L’économie algérienne est affectée par le marché pétrolier depuis 2014. Les différents gouvernements ont promis des réformes structurelles et une modernisation de notre économie avec une diversification mais pas d’avenir. Nous avons continué à consommer nos réserves et à supporter les importations sans réformer sérieusement notre économie.

2019 a été une année difficile pour les entreprises algériennes et nous avons commencé 2020 avec la sécheresse d’une part, la crise sanitaire et ses conséquences d’autre part, qui seront toutes exacerbées par la crise des prix du pétrole.

De nombreux secteurs seront directement touchés, en particulier les services et la construction et les travaux publics directement tributaires des marchés publics, qui seront inévitablement réduits en raison du manque de financement.

Nous pensons que les conséquences seront graves, en particulier la disparition de pans entiers de l’économie et ses conséquences; le licenciement des travailleurs, s’il n’y a pas de mobilisation générale de tous les acteurs: Etat, systèmes financiers, entreprises et syndicats.

N’est-il pas temps de mettre enfin en œuvre des réformes économiques?

De nombreux pays dans le monde, des plus développés à certains pays de notre sous-région, ont lancé des programmes audacieux pour soutenir les ménages, les entreprises et sauver leur économie du naufrage.

Cela prendra beaucoup d’argent, d’efforts et d’imagination, mais cela empêchera d’autres crises graves après la fin de Covid.

L’Algérie ne doit pas rester dans le vide sur les modèles classiques de décision politico-administrative. Vous devez oser sortir des sentiers battus, dialoguer avec toutes les parties prenantes et être courageux et innovant.

Le développement de l’écoute et du dialogue est déjà un pas en avant, et c’est ce que fait le nouveau gouvernement, au nom de Monsieur le Président, en attendant les décisions sur le terrain.

À notre avis, l’Algérie n’a plus beaucoup de marge de manœuvre pour mettre en œuvre des réformes économiques structurelles et couper le cordon ombilical avec les cours mondiaux du pétrole. Nous avons perdu beaucoup de temps et raté de nombreuses occasions de lancer des réformes et de moderniser notre économie.

Cette pandémie a également révélé l’ampleur de la fracture numérique et le temps perdu par l’Algérie pour engager notre économie sur la voie de la modernité et du savoir.

Avec une vitesse Internet relativement élevée, le développement des moyens de paiement, la modernisation du système financier, le développement de l’e-gouvernement et du e-commerce et même du e-travail, nous aurions pu atténuer les conséquences de la crise.

Cela nous a présenté la vérité de notre énorme ralentissement et celle des occasions manquées lorsque nous avions les ressources financières et le temps.

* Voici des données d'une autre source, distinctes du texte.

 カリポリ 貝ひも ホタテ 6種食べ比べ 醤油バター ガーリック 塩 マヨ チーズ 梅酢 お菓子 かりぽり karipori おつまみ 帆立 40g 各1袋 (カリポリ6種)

Il n’est pas trop tard pour faire ce qui s’impose, Monsieur le Président et le Gouvernement ont mis le rattrapage numérique et l’économie du savoir comme vecteur de sous-développement et cela donne de l’espoir.

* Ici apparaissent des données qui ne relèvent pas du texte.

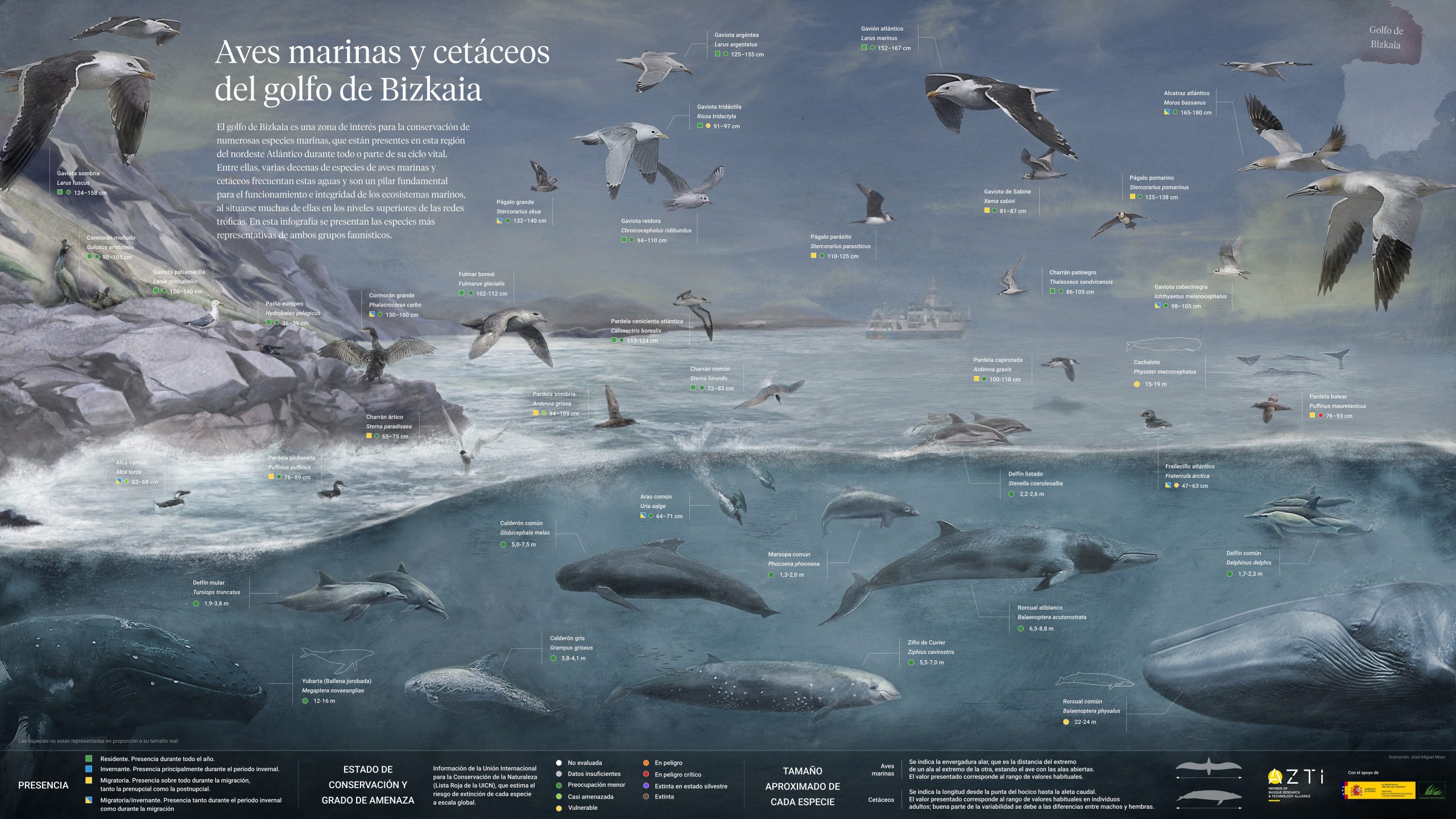 En el marco del proyecto “EVALRENAT – Evaluación espacial de la red Natura 2000 para la conservación de especies de interés comunitario en la Demarcación Noratlántica”, financiado en la convocatoria 2019 de Conservación de la Biodiversidad Marina de Fundación Biodiversidad, del Ministerio para la Transición Ecológica y el Reto Demográfico, se ha realizado una infografía para mostrar las especies más representativas de ambos grupos faunísticos. La realización de la infografía, obra de José Miguel Mayo, ha sido posible gracias al trabajo de personal investigador de diversas áreas de AZTI, que ha ideado y elaborado los contenidos.

Après la stabilisation politique, le programme du président et ses différentes interventions de modernisation de notre économie, ainsi que l’essentiel du programme du gouvernement, laissent espérer un virage vertueux vers des réformes irréversibles.

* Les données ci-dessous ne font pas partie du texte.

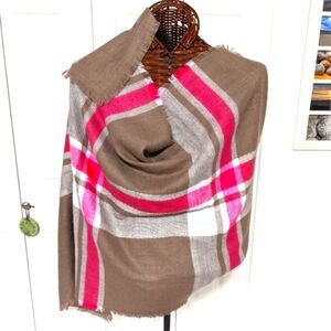 NWOT Large Oblong Light Brown/Pink/White Plaid Scarf by MixIt

Il y aura de la vie après la crise sanitaire et nous devons amener notre économie sur la voie de réformes structurelles, profondes, sérieuses et irréversibles.

Le lieu de la concurrence loyale, la transparence, la liberté de faire des affaires et d’investir, le lieu des investissements directs étrangers, des connaissances et des connaissances, un système financier modernisé, l’élimination de la discrimination, la flexibilité dans les relations de travail, la numérisation et l’économie du savoir doivent être clairement et définitivement définis.

Êtes-vous optimiste quant à l’avenir?

Il y aura de la vie après la crise de Covid-19 et nous devons nous préparer à construire une nouvelle Algérie par la suite et à surmonter les conséquences de ces différentes crises qui se chevauchent avec dévouement et solidarité.

Je dois maintenir mon optimisme pour ne pas sombrer et perdre espoir. Nous sommes et nous nous engageons auprès de nos autorités à contribuer à la construction d’une économie moderne et diversifiée, déconnectée du prix du pétrole et où la place de la science et du savoir sera restaurée.